Supplied data section start

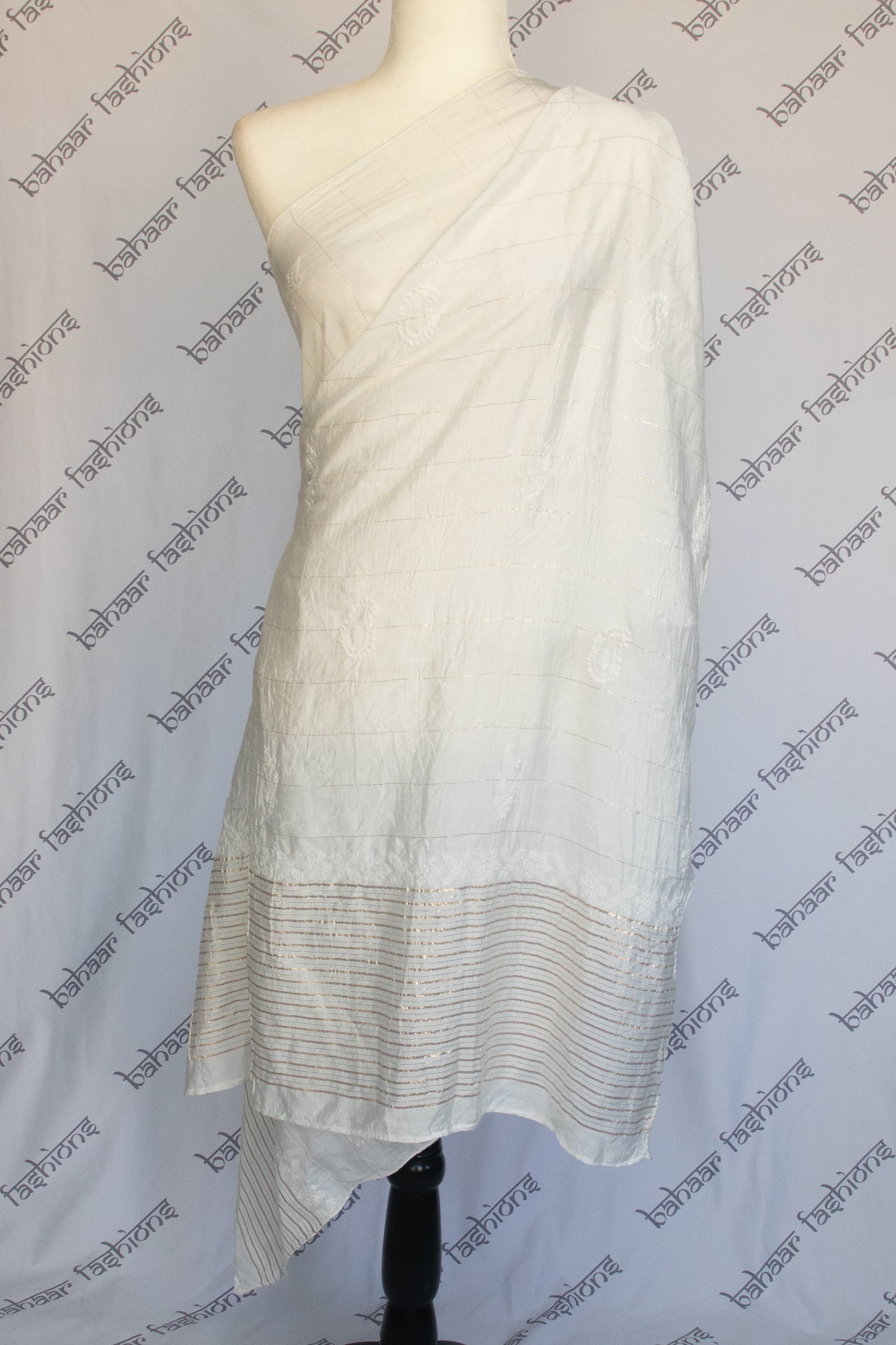 White cotton dupatta with intricate paisley thread work, highlighted with delicate golden wire detailing. A timeless piece that adds elegance to any outfit.
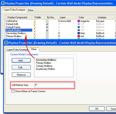 Display Properties - Other tab When you Add Custom Components for Plan or Model Display Representations, you also receive new Display Component Layers with names to match the Selected Component Name. Be aware, however, that these Custom Display Component Layers cannot be set to "By Material" and are thus relegated to basic Color and Linetype settings. Illustrated to the right I show the Display Properties dialog for the Model Display Representation. Notice that the Other tab offers the option to change the "Cell Marker Size" which is that little rectangle you see over Cells when editing in place. This Cell Marker is incredible useful when you need to Select Cells for such tasks as Merging or changing the Infill. |
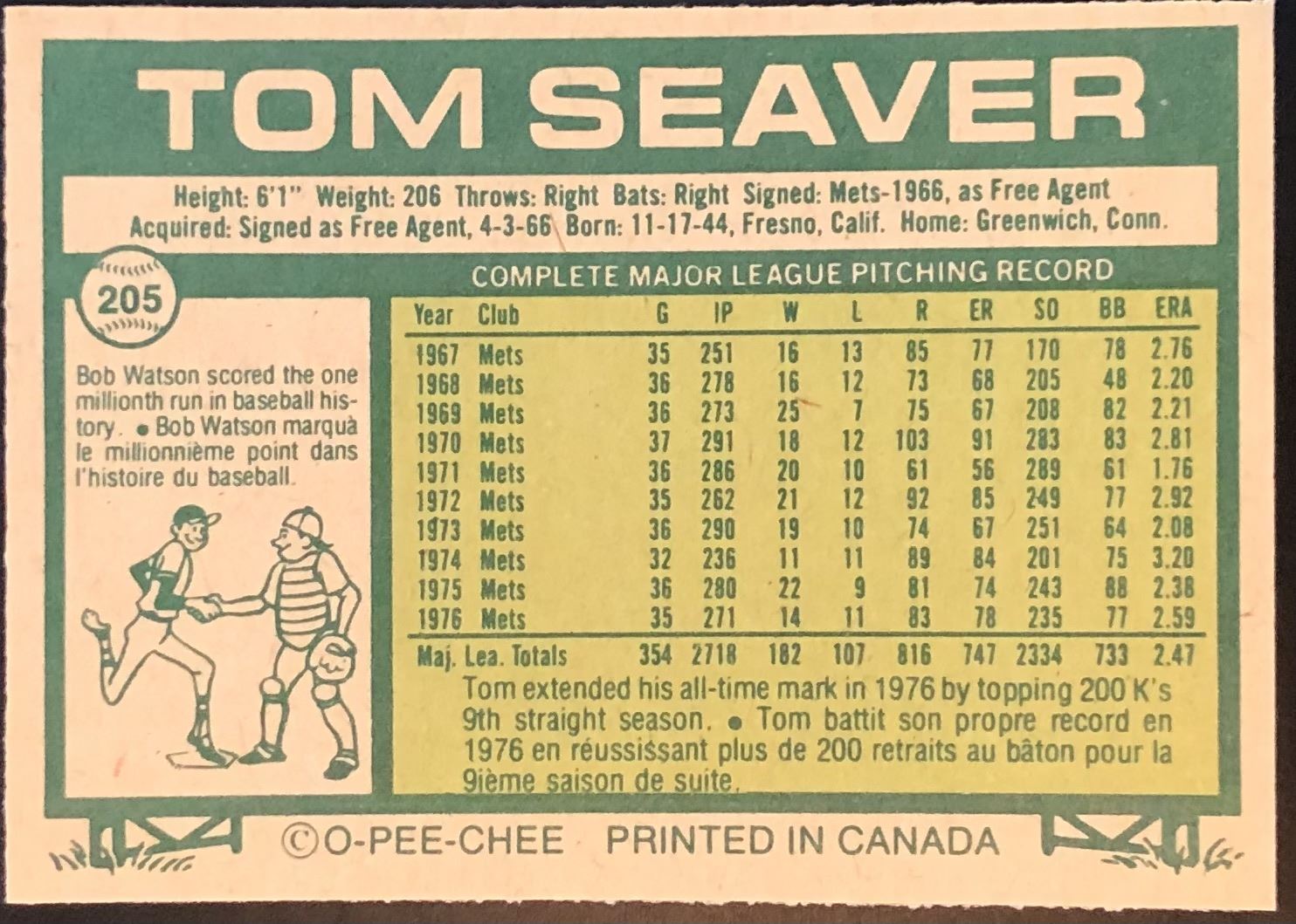 Card #205 MLB, baseball, vintage, OPC, hall of fame

Supplied data section end

## Action item
Pictures are to be left out; otherwise, retype exactly the lines from the first line of the data through the line containing "Display Properties - Other".

## Exercise response
 White cotton dupatta with intricate paisley thread work, highlighted with delicate golden wire detailing. A timeless piece that adds elegance to any outfit.
 Display Properties - Other tab When you Add Custom Components for Plan or Model Display Representations, you also receive new Display Component Layers with names to match the Selected Component Name. Be aware, however, that these Custom Display Component Layers cannot be set to "By Material" and are thus relegated to basic Color and Linetype settings. Illustrated to the right I show the Display Properties dialog for the Model Display Representation. Notice that the Other tab offers the option to change the "Cell Marker Size" which is that little rectangle you see over Cells when editing in place. This Cell Marker is incredible useful when you need to Select Cells for such tasks as Merging or changing the Infill. |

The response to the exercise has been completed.